Author : Alan Taylor Publisher : W. W. Norton & Company Page : 544 pages File Size : 49,8 Mb Release : 2021-05-18 Category : History ISBN : 9781324005803
American Republics: A Continental History of the United States, 1783-1850 by Alan Taylor Pdf
Winner of the 2022 New-York Historical Society Book Prize in American History A Washington Post and BookPage Best Nonfiction Book of the Year From a Pulitzer Prize–winning historian, the powerful story of a fragile nation as it expands across a contested continent. In this beautifully written history of America’s formative period, a preeminent historian upends the traditional story of a young nation confidently marching to its continent-spanning destiny. The newly constituted United States actually emerged as a fragile, internally divided union of states contending still with European empires and other independent republics on the North American continent. Native peoples sought to defend their homelands from the flood of American settlers through strategic alliances with the other continental powers. The system of American slavery grew increasingly powerful and expansive, its vigorous internal trade in Black Americans separating parents and children, husbands and wives. Bitter party divisions pitted elites favoring strong government against those, like Andrew Jackson, espousing a democratic populism for white men. Violence was both routine and organized: the United States invaded Canada, Florida, Texas, and much of Mexico, and forcibly removed most of the Native peoples living east of the Mississippi. At the end of the period the United States, its conquered territory reaching the Pacific, remained internally divided, with sectional animosities over slavery growing more intense. Taylor’s elegant history of this tumultuous period offers indelible miniatures of key characters from Frederick Douglass and Sojourner Truth to Elizabeth Cady Stanton and Margaret Fuller. It captures the high-stakes political drama as Jackson and Adams, Clay, Calhoun, and Webster contend over slavery, the economy, Indian removal, and national expansion. A ground-level account of American industrialization conveys the everyday lives of factory workers and immigrant families. And the immersive narrative puts us on the streets of Port-au-Prince, Mexico City, Quebec, and the Cherokee capital, New Echota. Absorbing and chilling, American Republics illuminates the continuities between our own social and political divisions and the events of this formative period.

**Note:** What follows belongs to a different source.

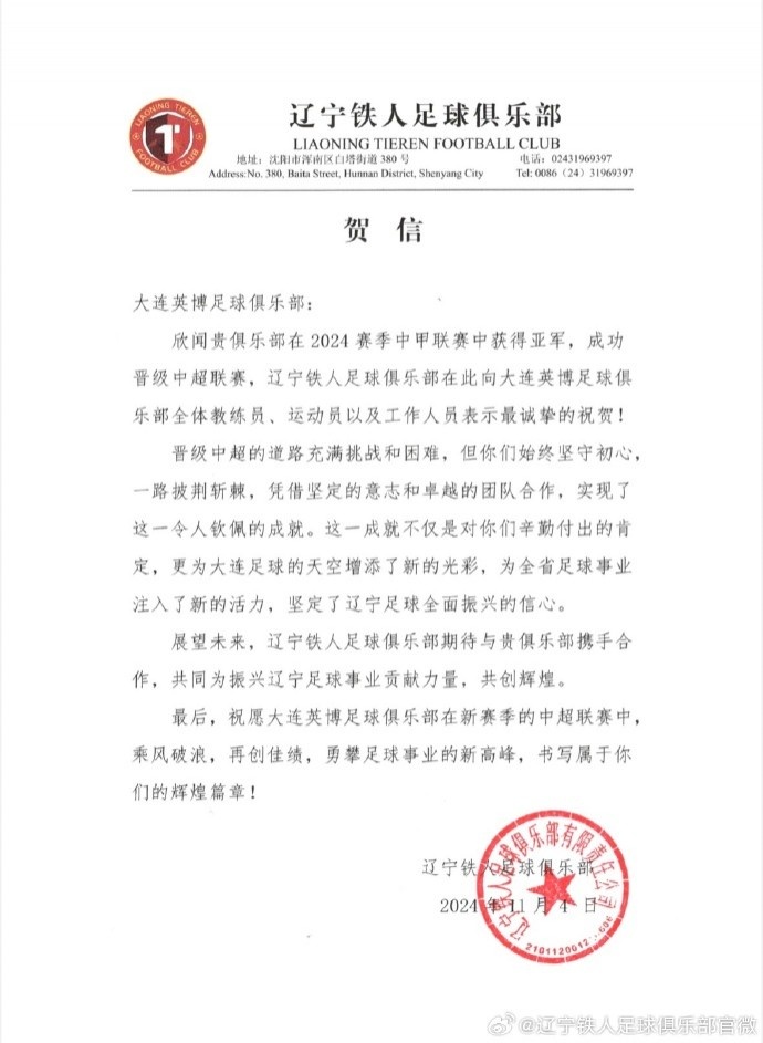 遼寧鐵人足球俱樂(lè)部在賀信中寫(xiě)道:

Author : Frederick Merk Publisher : Alfred A. Knopf Page : 692 pages File Size : 40,9 Mb Release : 1978 Category : Frontier and pioneer life ISBN : 0394411757
History of the Westward Movement by Frederick Merk Pdf
The late American historian's final work chronicles the great Western migration, from the first forays in New England's wilderness in the seventeenth century to the full settlement of the Pacific coast.